Fifty years on, the Fed’s reputation has been tarnished not by naked political ambition by a ruthless and deceitful president but rather by its own misjudgments on monetary policy. And addressing those misjudgments has an unmistakably political cost.
Keep all this in mind in the week ahead as the Fed holds another interest rate meeting and Americans continue early voting in the midterm elections. The defining issue of both will be inflation.

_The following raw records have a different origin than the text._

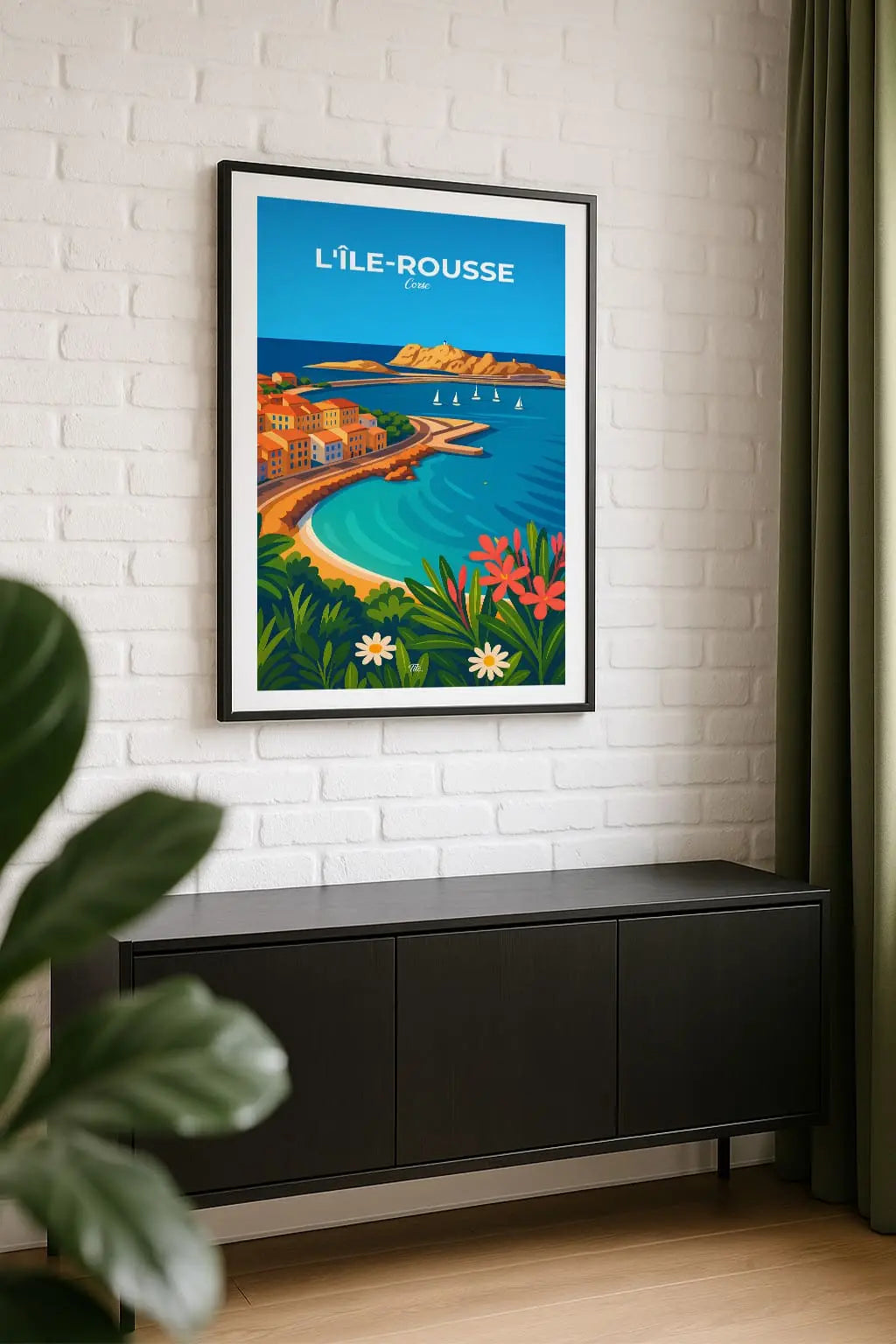 L’Île-Rousse, joyau du littoral corse, brille sous le soleil entre plages de sable blond et eaux turquoise. Ses ruelles animées et son marché coloré vibrent de vie, tandis que le parfum du maquis et le clapotis des vagues célèbrent la douceur et la beauté méditerranéenne. Accrochée sur un mur, cette affiche insuffle une bouffée d’évasion et de souvenirs. Offrez-vous un fragment de ce lieu, ou partagez-le en cadeau à une personne qui porte cet endroit dans son cœur.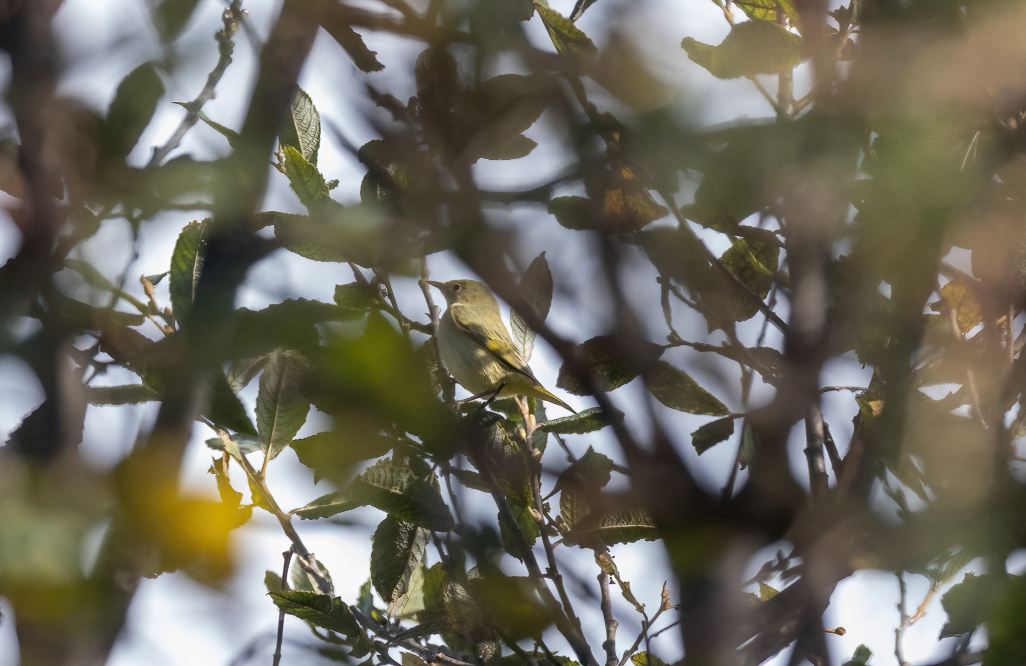 Beskrivelse: Det allerførste bare nogenlunde hæderlige foto af landets første gul sanger. Dens hurtige bevægeler mellem blade og grene,skifevis i sol og skygge gjorde det til noget af et job at hente et brugbart dokufoto hjem af fuglen. Billedet er taget ganske få min efter at fuglen er opdaget, men endnu ikke sikkert artsbestemt eller i øvrigt meldt ud. Meget kaotisk og sindsoprivende. Sidenhen blev fuglen mere samarbejdsvillig og langt bedre fotos er taget.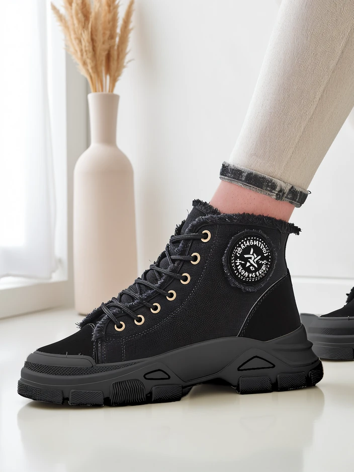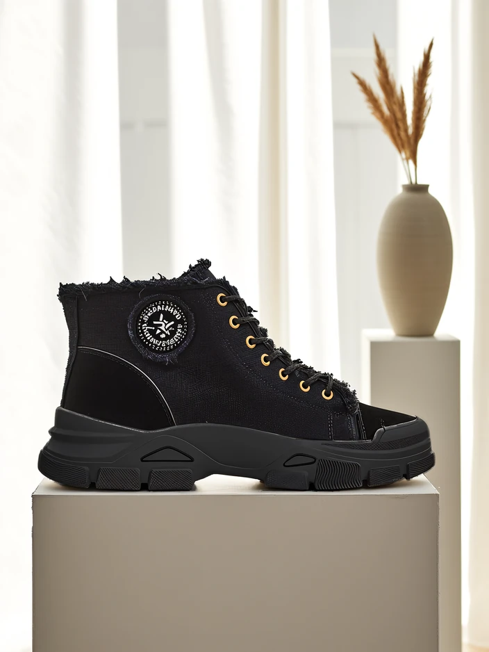• Vysoké sportovní dámské sneakers vyrobené z textilního materiálu. Model na pohodlné podrážce. Svršek je šněrovací. Skvělé pro vytváření ležérních outfitů!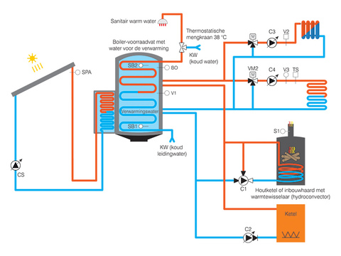 – een zonnesysteem voor sanitair warm water, vloerverwarming en radiatorverwarming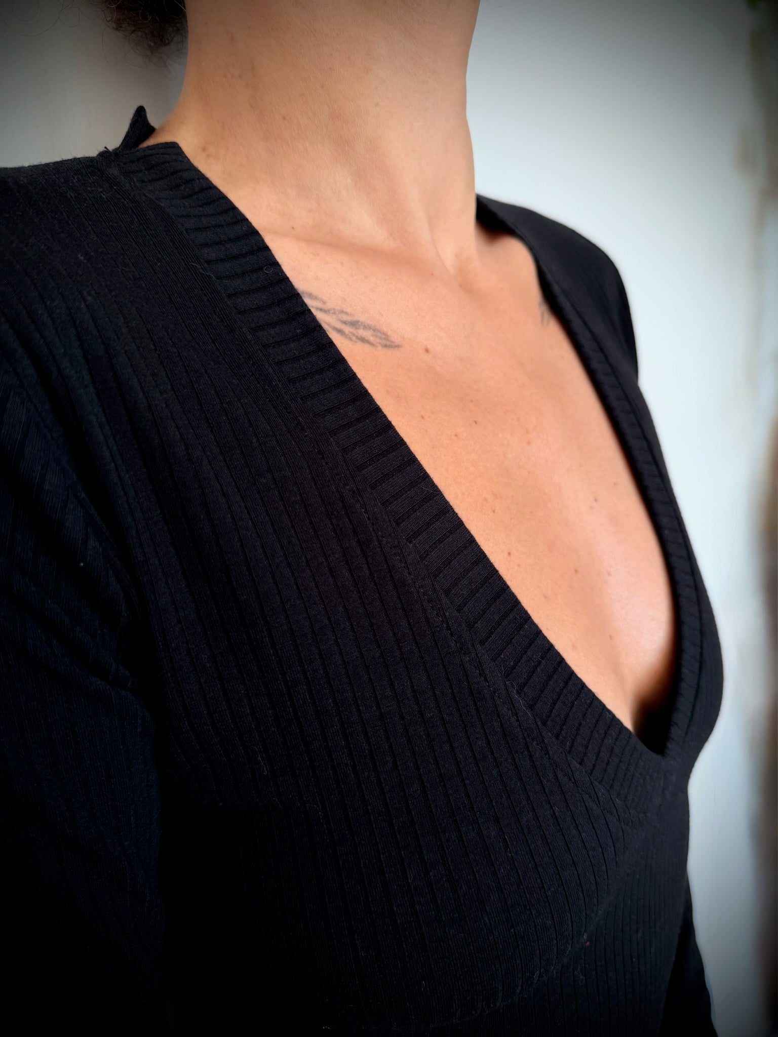 וי עמוק. תפר פרינסס. דיטלס בצווארון.
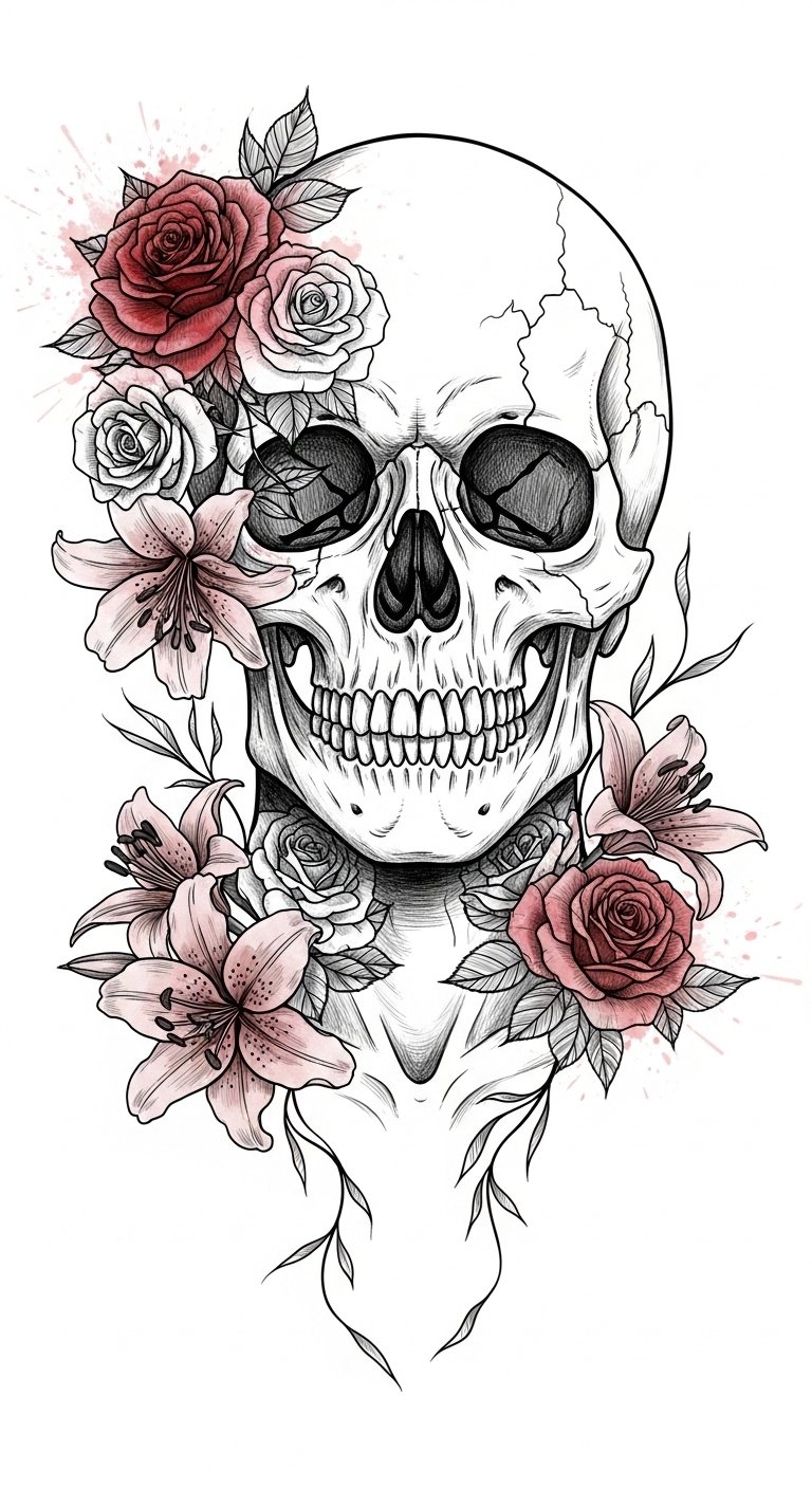 The design places the skull front and center for a bold statement of mortality, with flowers softening the image and wrapping toward the collarbones to suggest growth outward; emotionally it balances somber acceptance and hopeful resilience, and the neck placement ensures visibility and intimate symbolism for the wearer.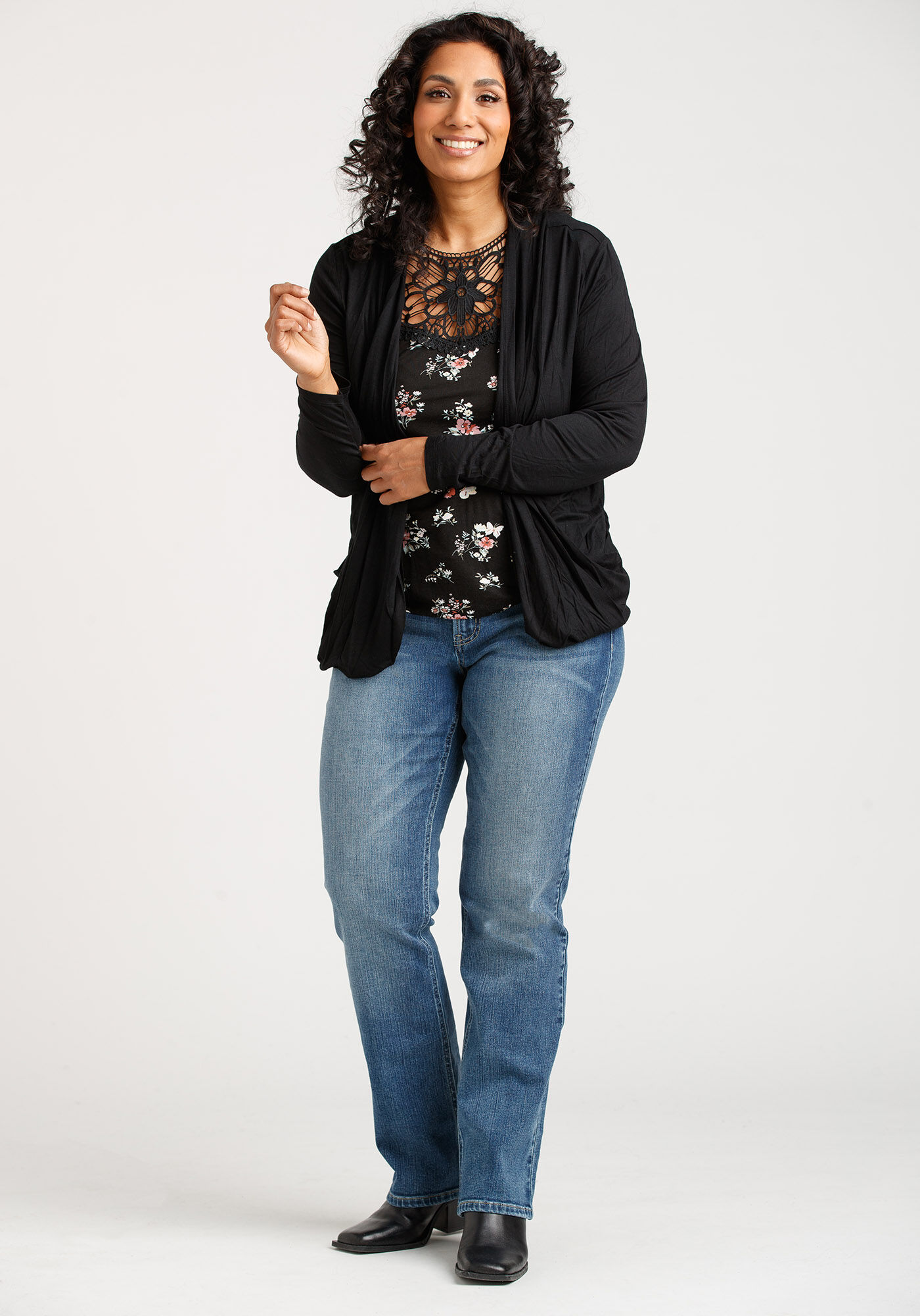 Rated 5 out of 5 by from Love the style Bought this a month ago and it goes with so much in my wardrobe. So many options and so comfy. Perfect light weight for spring!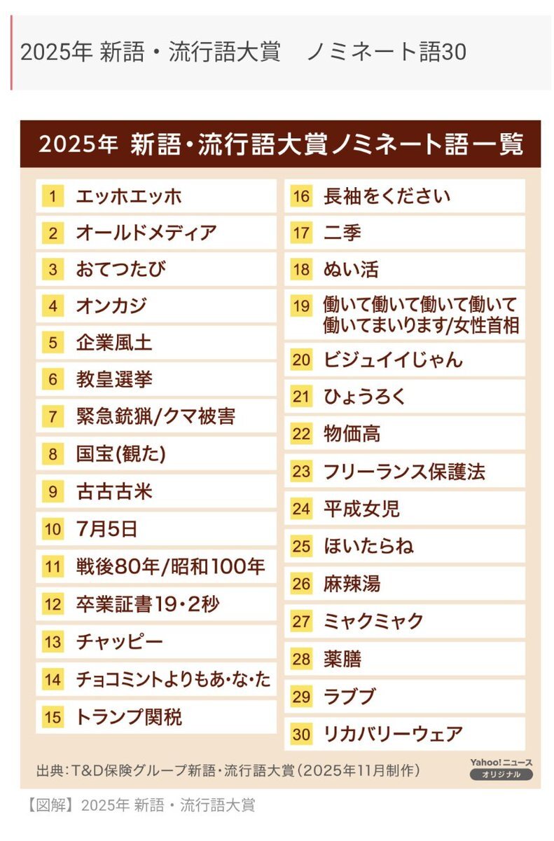 「日本人ファースト」の方が聞いたけれど、これは納得の大賞です。 2025年「新語・流行語大賞」 - Yahoo!ニュース news.yahoo.co.jp/pages/20251201a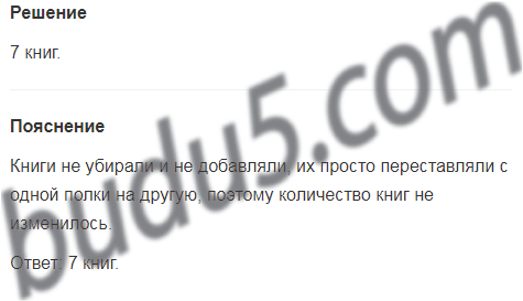 6. (Устно.) На двух полках, верхней и нижней, было 7 книг. С верхней полки переставили на нижнюю 3 книги. Сколько книг стало на этих двух полках?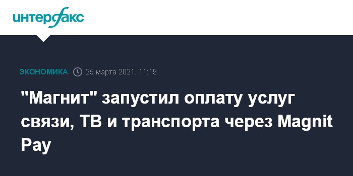 Москва. 25 марта. INTERFAX.RU - Ритейлер "Магнит" добавил в свое приложение услуги платежей за телефон, интернет, телевидение и пополнения транспортных карт.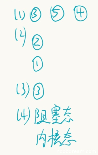 学生答案为“阻塞态”和“内核态”。标准答案为“阻塞状态”和“内核态”。学生答案“阻塞态”是“阻塞状态”的常见简写,意思完全正确。“内核态”与标准答案一致。逻辑正确,得2分。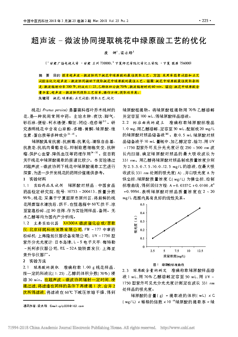 300A 超聲波_微波協(xié)同提取桃花中綠原酸工藝的優(yōu)化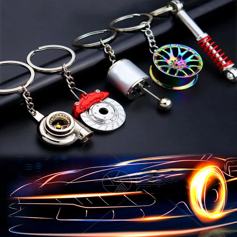 Брелок для ключей с турбокомпрессором для мужчин, креативный мини-брелок для ключей с вращающейся турбиной, аксессуары для интерьера автомобиля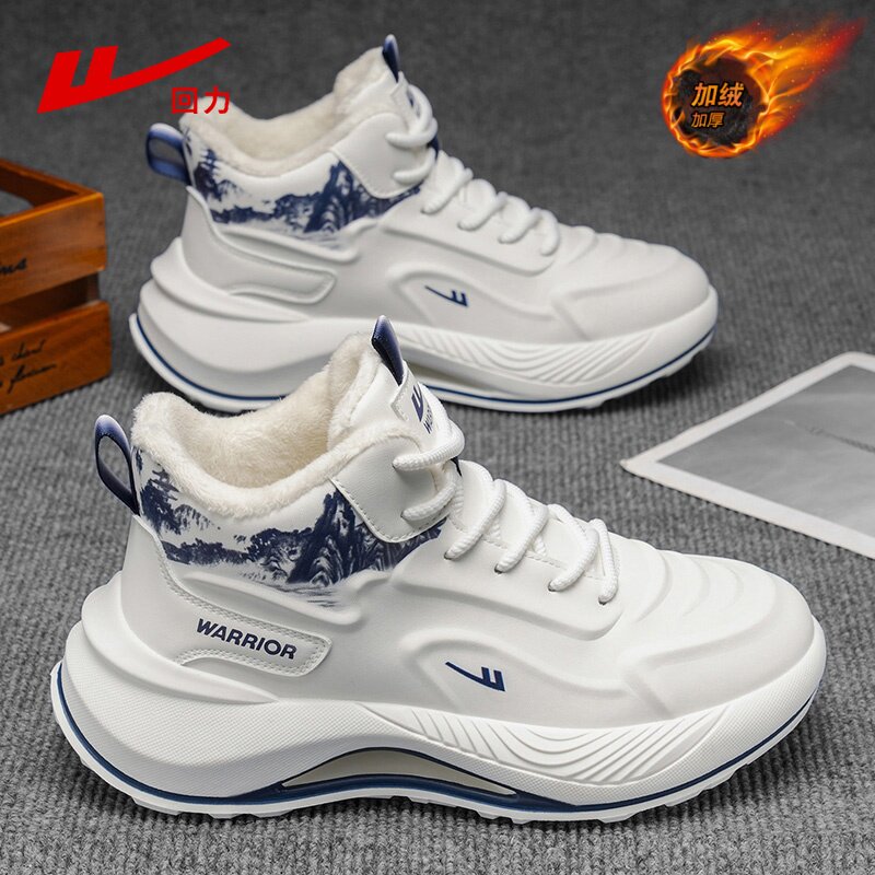 回力男鞋冬季加绒运动鞋防滑百搭厚底减震学生增高篮球老爹鞋棉鞋

The investment markets are convinced the bank will continue the pace of increasing interest rates by hiking its key borrowing rate by another three-quarters of a percentage point. Doing so a week before an election is an important indication of the Fed’s independence from political influences, in contrast to 50 years ago. The agency is expected to signal its patience by backing off that pace in the months ahead. That anticipation has helped stock prices gain a footing in the past two weeks.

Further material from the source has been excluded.